Gonzalez draws a series of contrasts between Webhead, startup-oriented Geekdom, and corporate San Antonio powerhouse Rackspace.

Janie M. Gonzalez, president and CEO of Webhead, speaks to the crowd at Peer 1 Hosting. Photo by Jeanette Fernandez
Janie M. Gonzalez, president and CEO of Webhead, speaks to a crowd at Peer 1 Hosting. Photo by Jeanette Fernandez

“We are smaller than Rackspace, and that means that company life is a bit different: with Webhead at its current size, employees work hand-in-hand with leadership—and I mean that as more than a tagline. All our hires have a direct effect on the company’s trajectory.”

In relation to Geekdom, which operates out of its downtown offices, Gonzalez describes Webhead as more focused on “the long run,” with an emphasis on steady maintenance and expansion. “Webhead has been around for 20 years,” she said, “and it’s become a business staple in San Antonio. We hire more slowly than some of our competitors, so what we’re really after is retention. Webhead is a place to stay.”

According to the U.S. Bureau of Labor Statistics, San Antonio’s unemployment rate stood at 3.4% in December 2014, lower than the 5.4& national rate. Looking specifically at employment numbers for military veterans, that number jumps slightly to 5.6% nationally, and even higher when the pool is reduced to Gulf War-era II veterans: 7.9%. In late 2014, Forbes listed San Antonio as one of the “Best Places for Veterans in 2014,” specifically praising USAA’s veteran hiring program. Webhead hopes to provide a place for tech-minded vets to pursue a focused, passionate career.

Webhead employees listen to a presentation at Webhead HQ in the “Pit.” Photo courtesy of Webhead.
Webhead employees listen to a presentation at Webhead HQ in the “Pit.” Photo courtesy of Webhead.

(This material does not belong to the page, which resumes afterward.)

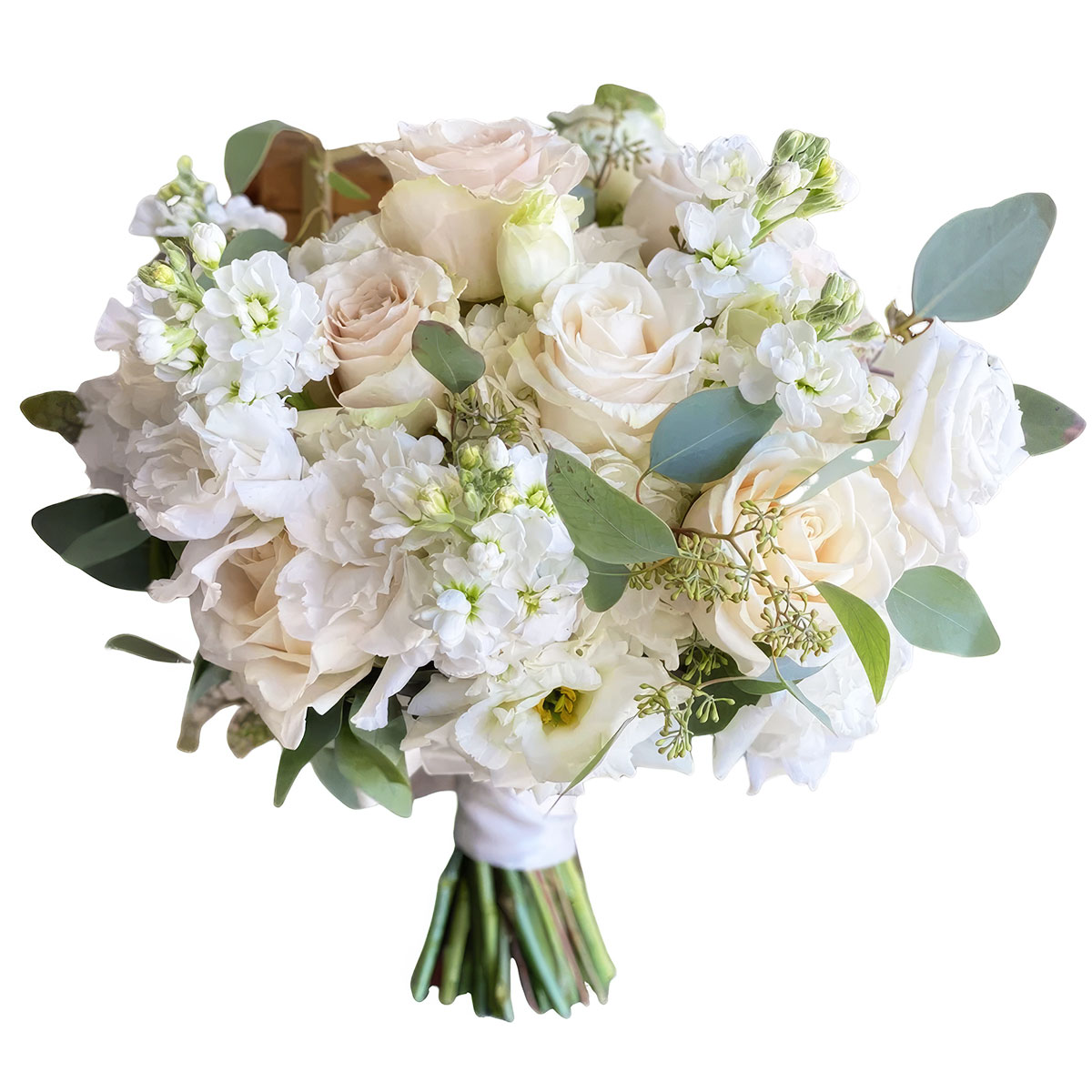 Роза одноголовая белая, маттиола белая, эустома белая, эвкалипт. Упаковка (лента, пленка, крафт, сетка, пленка матовая)

The company needs application developers, PHP and .Net programmers, administrators for varied data systems, and experts on Military IT and electronic systems, including U.S. Army Real Property Tracking. New hires can expect to work with Webhead’s commercial clients, including HealthyPlace.com, Life Time Fitness, and GI Forum, as well as with the company’s federal partners, which include the 24th Air Force at Lackland, U.S. Army Headquarters, and U.S. Strategic Command (STRATCOM).

While many of the positions are in San Antonio, Webhead is also recruiting for satellite offices nationally.

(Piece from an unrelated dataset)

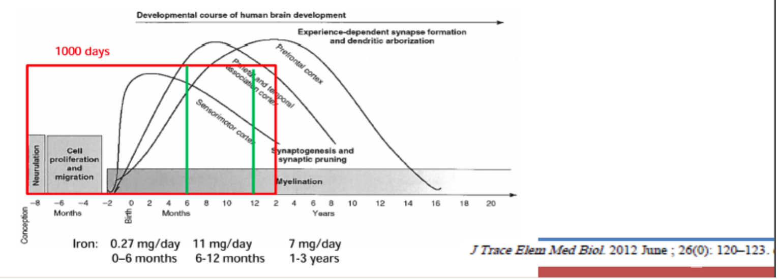 Quindi, bambini esposti nel periodo perinatale a carenza di ferro presentano alterato sviluppo cognitivo e neuromotorio. Vista l’entità delle ripercussioni che derivano da un tale deficit è importante un programming nutrizionale.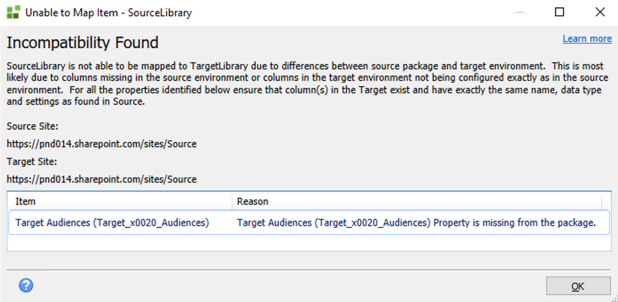The following incompatibility shows: Target Audiences (Target_x0020_Audiences) Property is missing from the package.

So what is it like to work at Webhead?

“We value entrepreneurship, passion, and social inclusion at Webhead,” Gonzalez said. “You can’t just code in the corner and be forgotten; we believe that we’re at our best when employees push themselves independently on projects, and when they’re constantly connected to the rest of the company.”

Two Webhead employs troubleshoot for a client. Photo courtesy of Webhead.
Two Webhead employees troubleshoot for a client. Photo courtesy of Webhead.

As a female CEO of one of San Antonio’s largest privately owned IT companies, it’s no surprise that Gonzales passionately supports women working in the industry.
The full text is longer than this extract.